### Problem details
Set down only the lines from the one containing "充分发挥党建引领作用,构建党" through the final line of the entries below, exactly as they stand, with no pictures.

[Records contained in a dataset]
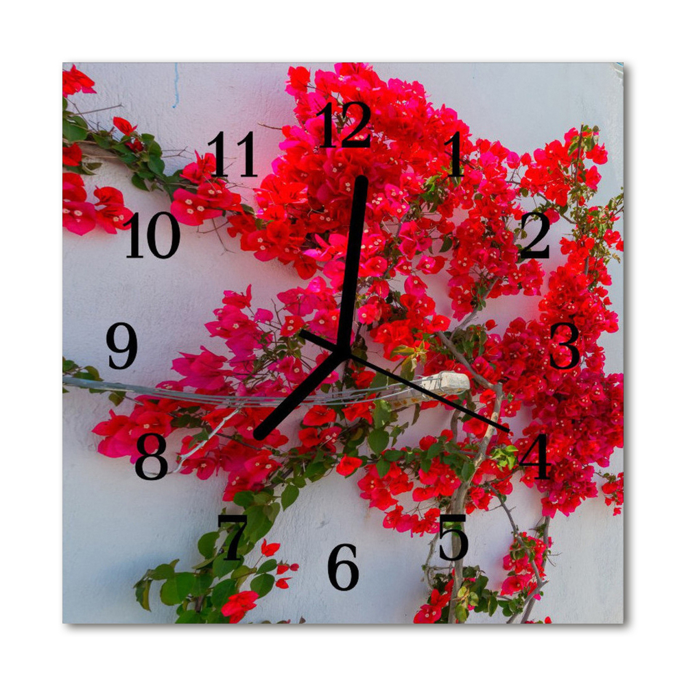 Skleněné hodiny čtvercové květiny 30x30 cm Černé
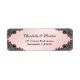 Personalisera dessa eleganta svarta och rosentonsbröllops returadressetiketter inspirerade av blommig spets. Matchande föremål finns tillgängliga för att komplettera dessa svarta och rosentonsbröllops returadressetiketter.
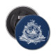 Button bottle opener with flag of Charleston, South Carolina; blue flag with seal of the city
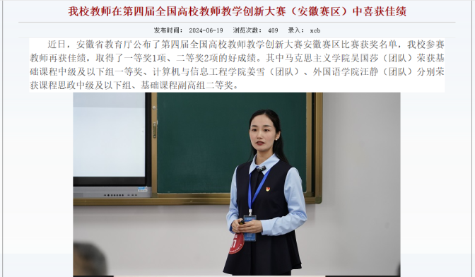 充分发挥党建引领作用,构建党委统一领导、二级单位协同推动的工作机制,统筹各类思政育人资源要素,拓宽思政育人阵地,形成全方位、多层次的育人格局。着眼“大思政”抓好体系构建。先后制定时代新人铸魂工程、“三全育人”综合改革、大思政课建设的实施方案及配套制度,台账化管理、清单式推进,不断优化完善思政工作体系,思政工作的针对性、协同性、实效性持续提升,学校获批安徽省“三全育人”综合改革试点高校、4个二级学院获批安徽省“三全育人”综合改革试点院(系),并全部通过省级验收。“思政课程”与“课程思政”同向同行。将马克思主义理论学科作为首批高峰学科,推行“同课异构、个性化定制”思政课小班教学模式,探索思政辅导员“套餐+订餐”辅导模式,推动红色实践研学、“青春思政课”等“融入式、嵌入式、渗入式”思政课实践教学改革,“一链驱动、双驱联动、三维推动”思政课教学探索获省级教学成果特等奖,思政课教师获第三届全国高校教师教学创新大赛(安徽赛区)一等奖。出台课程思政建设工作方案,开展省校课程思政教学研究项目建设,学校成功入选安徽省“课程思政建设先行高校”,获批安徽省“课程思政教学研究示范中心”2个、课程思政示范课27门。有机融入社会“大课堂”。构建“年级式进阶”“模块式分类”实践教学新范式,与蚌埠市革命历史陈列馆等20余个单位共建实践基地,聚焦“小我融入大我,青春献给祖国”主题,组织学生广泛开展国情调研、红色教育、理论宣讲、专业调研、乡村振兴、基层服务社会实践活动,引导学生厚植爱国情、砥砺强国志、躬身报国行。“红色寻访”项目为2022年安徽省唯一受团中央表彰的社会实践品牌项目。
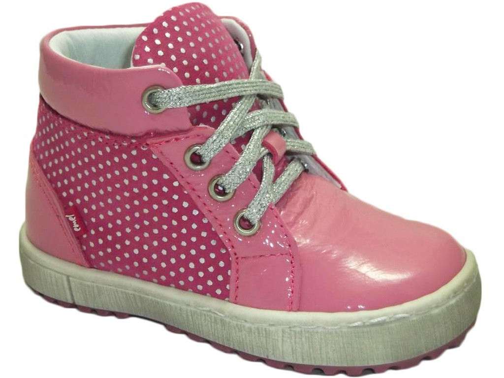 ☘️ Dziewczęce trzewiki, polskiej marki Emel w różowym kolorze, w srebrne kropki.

### Response below
 充分发挥党建引领作用,构建党委统一领导、二级单位协同推动的工作机制,统筹各类思政育人资源要素,拓宽思政育人阵地,形成全方位、多层次的育人格局。着眼“大思政”抓好体系构建。先后制定时代新人铸魂工程、“三全育人”综合改革、大思政课建设的实施方案及配套制度,台账化管理、清单式推进,不断优化完善思政工作体系,思政工作的针对性、协同性、实效性持续提升,学校获批安徽省“三全育人”综合改革试点高校、4个二级学院获批安徽省“三全育人”综合改革试点院(系),并全部通过省级验收。“思政课程”与“课程思政”同向同行。将马克思主义理论学科作为首批高峰学科,推行“同课异构、个性化定制”思政课小班教学模式,探索思政辅导员“套餐+订餐”辅导模式,推动红色实践研学、“青春思政课”等“融入式、嵌入式、渗入式”思政课实践教学改革,“一链驱动、双驱联动、三维推动”思政课教学探索获省级教学成果特等奖,思政课教师获第三届全国高校教师教学创新大赛(安徽赛区)一等奖。出台课程思政建设工作方案,开展省校课程思政教学研究项目建设,学校成功入选安徽省“课程思政建设先行高校”,获批安徽省“课程思政教学研究示范中心”2个、课程思政示范课27门。有机融入社会“大课堂”。构建“年级式进阶”“模块式分类”实践教学新范式,与蚌埠市革命历史陈列馆等20余个单位共建实践基地,聚焦“小我融入大我,青春献给祖国”主题,组织学生广泛开展国情调研、红色教育、理论宣讲、专业调研、乡村振兴、基层服务社会实践活动,引导学生厚植爱国情、砥砺强国志、躬身报国行。“红色寻访”项目为2022年安徽省唯一受团中央表彰的社会实践品牌项目。
 ☘️ Dziewczęce trzewiki, polskiej marki Emel w różowym kolorze, w srebrne kropki.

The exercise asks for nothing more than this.